Upon arriving at the Case IH Connected Farm and meeting the team that would be participating in the challenge, we already knew it was going to be something big. The enormous number of people and companies involved in such a serious and well-organized event gave us the impression that we would arrive at the end with a great deal of information.

After a brief briefing with the teams, we were able to learn details about both the equipment and what was planned for the two days dedicated to the event.

The Case IH team of experts proposed subjecting the equipment to continuous 24-hour operation and verifying operational aspects, durability, and consistency of functioning, evaluating the equipment's maximum performance, with the expectation of quantifying the area that can be covered in 24 hours.

For this purpose, 17 plots of the farm were chosen, with characteristics that could represent the area, totaling just over 1.000 ha. Initially, an operational capacity of over 30 ha/h was projected, with an application rate of 10 l/ha. To optimize the work, it was necessary to balance the volume of liquid in the tank with the battery life; therefore, it was decided to use a charge of 55 l to 65 l per refill and return the drone to base when the battery charge reached a minimum of 10%, ensuring a safe return. With this performance test, the company aims to obtain reliable data on battery life, under load and area (hectares), as well as the actual area that can be treated with a full tank under operational conditions.

In an impeccably organized manner, the test was structured to generate numerous data points during the 24-hour flight, with real-time monitoring by the entire team and us as observers. Two fixed structures were used, one operational and the other a backup, where the team, pilots, and assistants were located, and which were moved to better meet operational parameters and for signal reception and transmission. Three teams were formed under the leadership of the pilots, with assistants – who were responsible for refueling, battery changes, and charging and cooling the batteries that would be removed from the equipment at each pit stop. To reduce the operator's influence, each team worked four hours continuously and alternated in shifts. In this way, all pilots worked in the morning, afternoon, and evening.

It became clear that the primary goal was to obtain realistic field data, using a strategy to match the optimal battery charging conditions with the volume of water available in the tank.

The team leaders were drone pilots Thamylon Camilo Dias, Elias Giacomel, and Alan Preuss, a drone pilot and precision agriculture specialist at Agritex, considered among the best drone pilots in the country. Throughout the test period, assistants Alessandro, Jorge, Eduardo, and Samuel were in charge of support activities.

Furthermore, Case IH provided a team, and specialists Everton Fim, Alberto Maza, and Rudney Neves remained throughout the test, providing equipment support and supplying information and, if necessary, maintenance items. Maycon Nicoletti, an agronomist from the Case IH Connected Farm, was with the pilots the entire time.

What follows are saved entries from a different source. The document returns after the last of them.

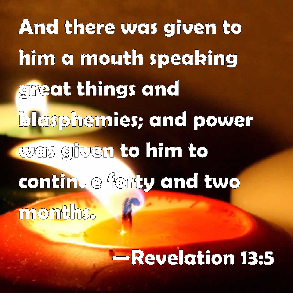 Revelation 13:5 And there was given to him a mouth speaking great things and blasphemies; and power was given to him to continue forty and two months.
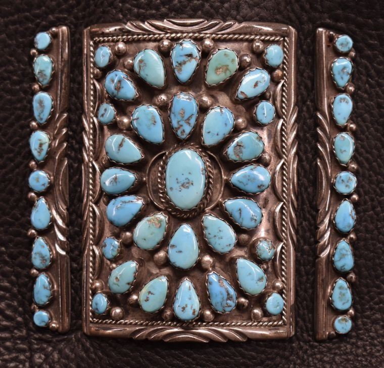 1960-70's Navajo Indian, sterling silver and turquoise 3.75" x 2.75" total weight 197 grams including leather
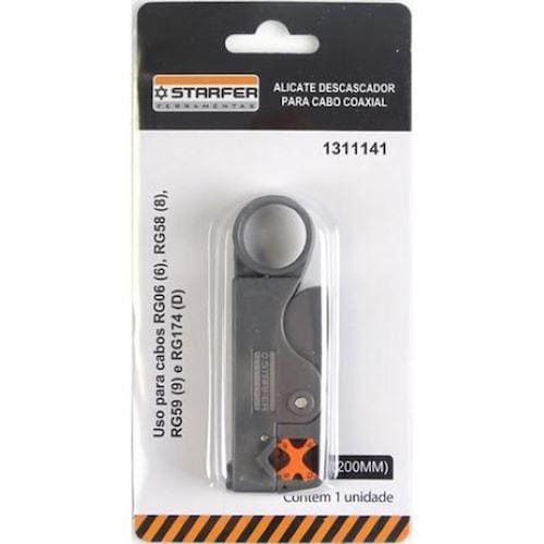 Alicate descascador de fios tipo coaxial da marca STARFER, comprimento 100MM. Indicado para desencapar cabos coaxiais: RG58, RG 59, RG 62, RG06 e RG-174.
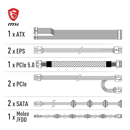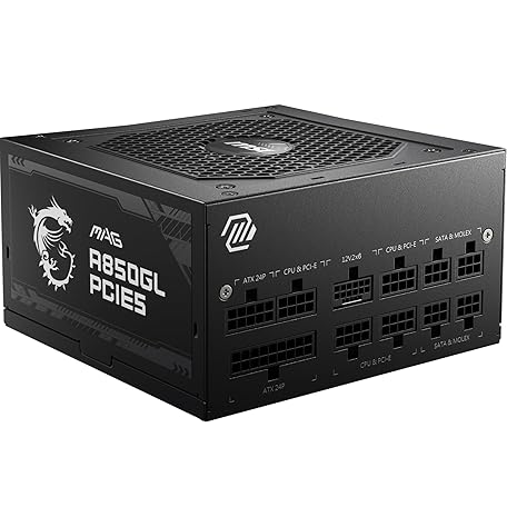 Thông tin sản phẩm MSI MAG A850GL PCIE5 Power Supply, 850W, 80 Plus Gold, Fully Modular, ATX 3.0, Supports PCIe 5.0 GPU, 120 mm FDB Fan with Dynamic Ball Bearings, Full-Bridge LLC, Black Flack Cable

With everything organized, teams defined, and equipment ready, the caravan moved to one of the areas, using the strategy of starting with the areas furthest from the Experience Center at the farm headquarters, where the operation was centralized, and then, at the end, applying the techniques to the areas closest to the Center.

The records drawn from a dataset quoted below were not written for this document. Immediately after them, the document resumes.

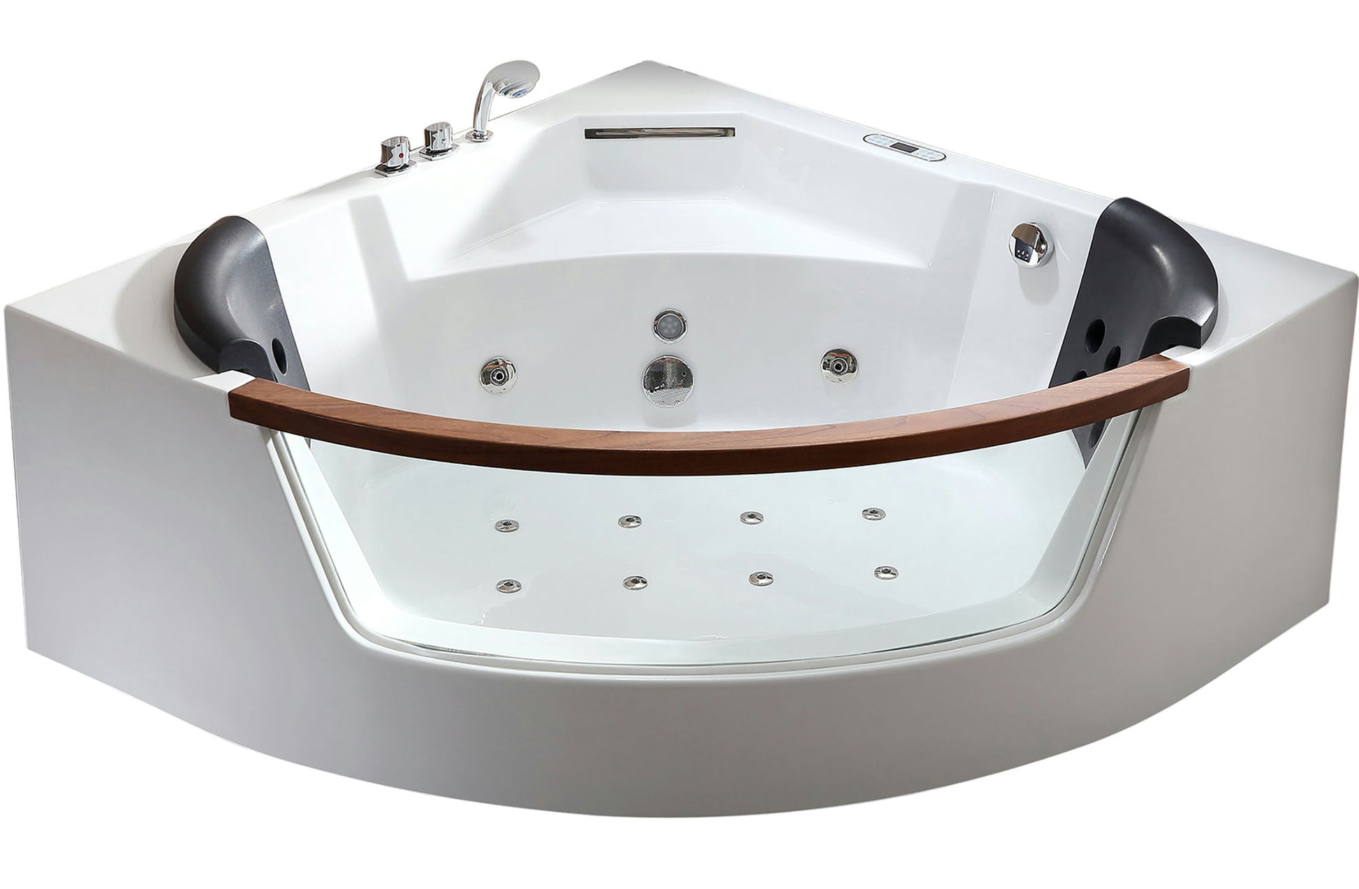 The beautiful AM197ETL EAGO whirlpool bath tub is truly one of a kind. Filled with cool gadgets and effects like the built in stereo, bluetooth, lighting, and button jets. This ETL Certified tub features a functional and space saving corner design with a beautiful glass front panel which will add the finishing touch to any bathroom. Indulge in a state of complete relaxation and tranquility while enjoying all of the unique features that this tub has to offer.
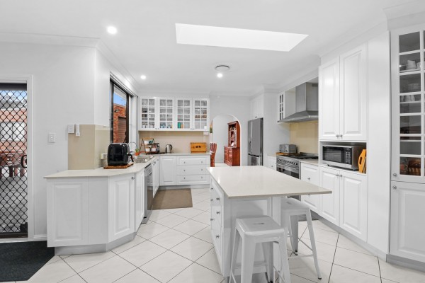 - Large quality renovated kitchen including a 900mm stainless steel 6 burner gas/oven, dishwasher, island bench space, lots of cupboard space and a large skylight to middle of kitchen
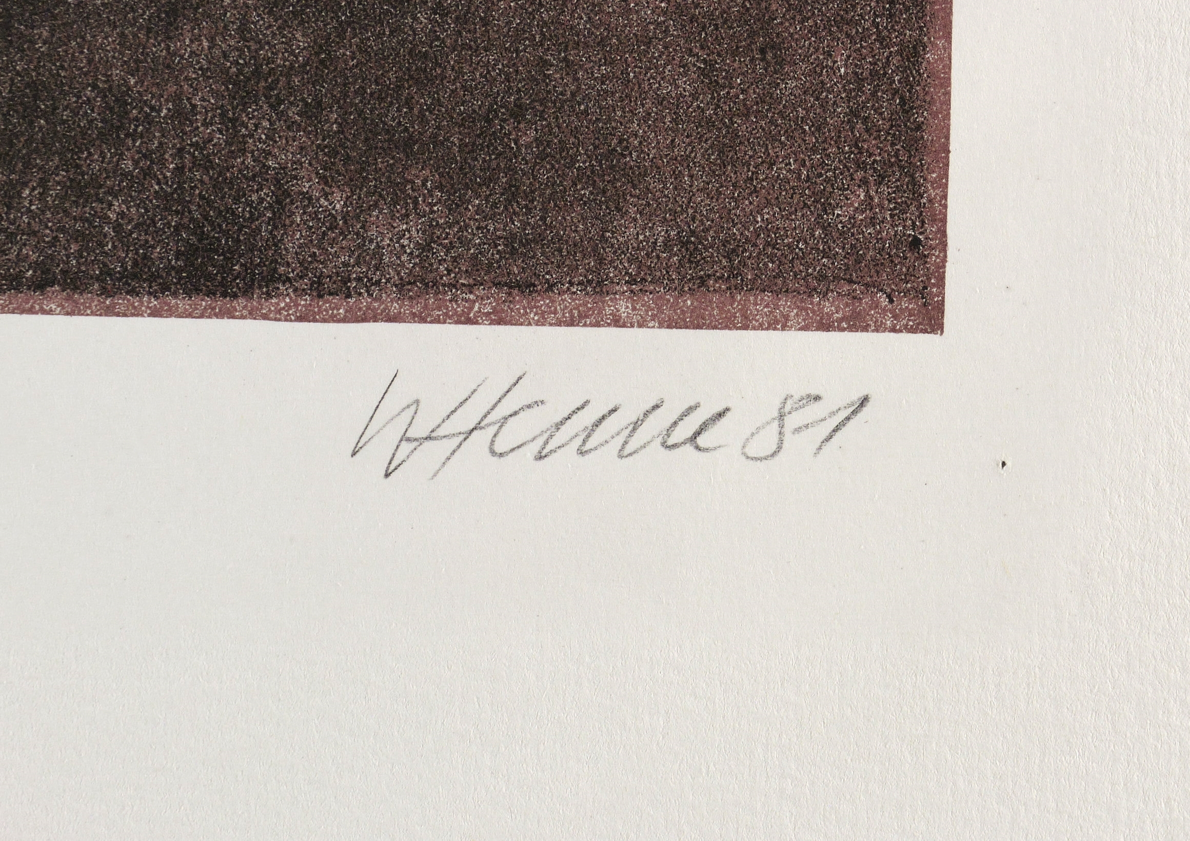 1981. Farblithografie / Pinsel- & Kreidelithografie, in Braun-Violett & Schwarz, auf hellchamois Weißenborn. – Originale Künstlergrafik, von Wolfgang Henne. – Auflage Exemplar Nr. 30/35. – 35,0 x 25,2 cm (Darstellung / Druckbild), 48 x 35 cm (Blatt).

The setup and strategy for achieving the best results in this 24-hour challenge, previously proven for this activity, were based on the following pillars: an application rate of 8 l/ha, a 12 m application swath, an approximate flight height between 4 m and 4,5 m above ground level, and an average drone speed between 62 km/h and 64 km/h. The work consisted of applying liquid, in this case water, to a flat surface of soil covered with straw, remaining from the last corn harvest.

The operation required an application time, which depended on the liquid level in the tank and the battery life, with a planned "pit stop" for battery replacement and tank recharging. In this sense, the work of the assistants was fundamental to achieving high operational efficiency. The base was positioned so that it could serve two adjacent plots without needing to move the structure.

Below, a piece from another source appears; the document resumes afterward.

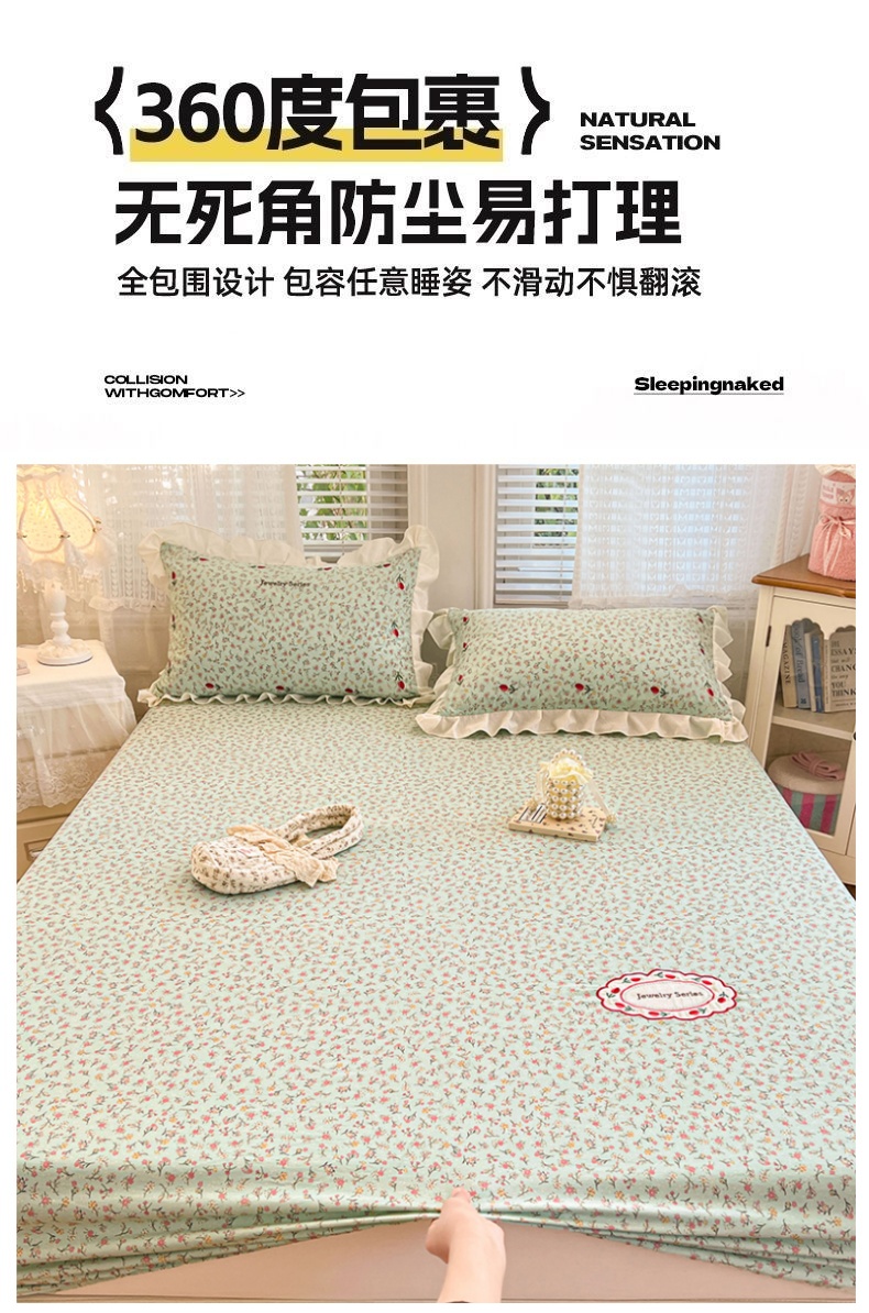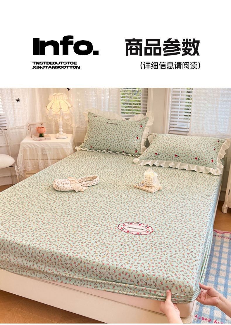 当前位置: 91家纺网 > 商品网购 > 床上用品 > 床笠 > 圣比熊 2026新款A类云朵棉亲肤四季款刺绣床笠席梦思床罩全包床单三件套 薄荷之夏(刺绣款)

Also, as a safety strategy, routes were marked that would be blocked during the drone's passage and for the spraying team's work. Thus, a protocol of activities to be followed was established, outlining each person's role to better carry out the work.

The great challenge

When the time for the challenge arrived, the teams prepared themselves and, at 8:48 AM on October 14, 2025, the drone began its movement and remained in operation for exactly 24 hours. On average, the drone stayed in the air for around seven and a half minutes, with autonomy values ​​varying between seven and nine minutes, including application time plus return time to base. After landing, as soon as the propellers stopped spinning, the support team replaced the two batteries and refilled the fuel tank. This pit stop time was approximately 40 to 48 seconds until the start of takeoff again. The different support teams demonstrated that they had been well trained and performed both functions with great regularity. 

The pilot was permanently in control of the operation using the XAG SRC4 intelligent remote control, which has a signal range of up to 2.000 meters under optimal conditions, free from obstacles and interference. This control is compatible with both the Case IH P150 and the other model, the Case IH P60.

Operational efficiency

Considering that the concept of operational capacity is the ratio between the area worked per unit of time and operational efficiency is the percentage of time spent exclusively on the application, in relation to the total time spent on the operation, it was possible to analyze the drone's performance during these 24 hours of operation in the challenge.

Analyzing the operation as a whole, there are several factors directly related to the operation that are intrinsic to the work; for example, it is impossible to operate this equipment without considering refueling, maneuvering, and returning to base empty as mandatory procedures.

It is noticeable that there is a need to reduce speed during maneuvers, and it is also considerable that the length of the paths between maneuvers matters a lot, because the longer they are, the more time the equipment operates fully in relation to the total time. In this case, analyzing the data at the time of the challenge, we observed that the uninterrupted path lengths varied, on average, between 490 m, 890 m and 1.100 m, in the real case. Considering then an average speed of 62 km/h and an application swath of 12 m, the real performance data indicated a flight time efficiency of 78%, with losses of 9% in pit stops for refueling and battery replacement, and 12% losses due to logistics activities. Therefore, considering that part of the flight includes returning to base empty, an operational efficiency of around 72% can be inferred, proving the operational gains of the drone for this application.

The time-related factors we observed during the test were related to speed variation, maneuvering time, empty travel time, changing the position of the support structure, overlap between passes (minimal and controllable), refueling time, and battery changes, among others inherent to the location where the equipment will be working. It should be noted that the field conditions included in this challenge were all real, with several short routes, which increases the representativeness of maneuvering in the total time.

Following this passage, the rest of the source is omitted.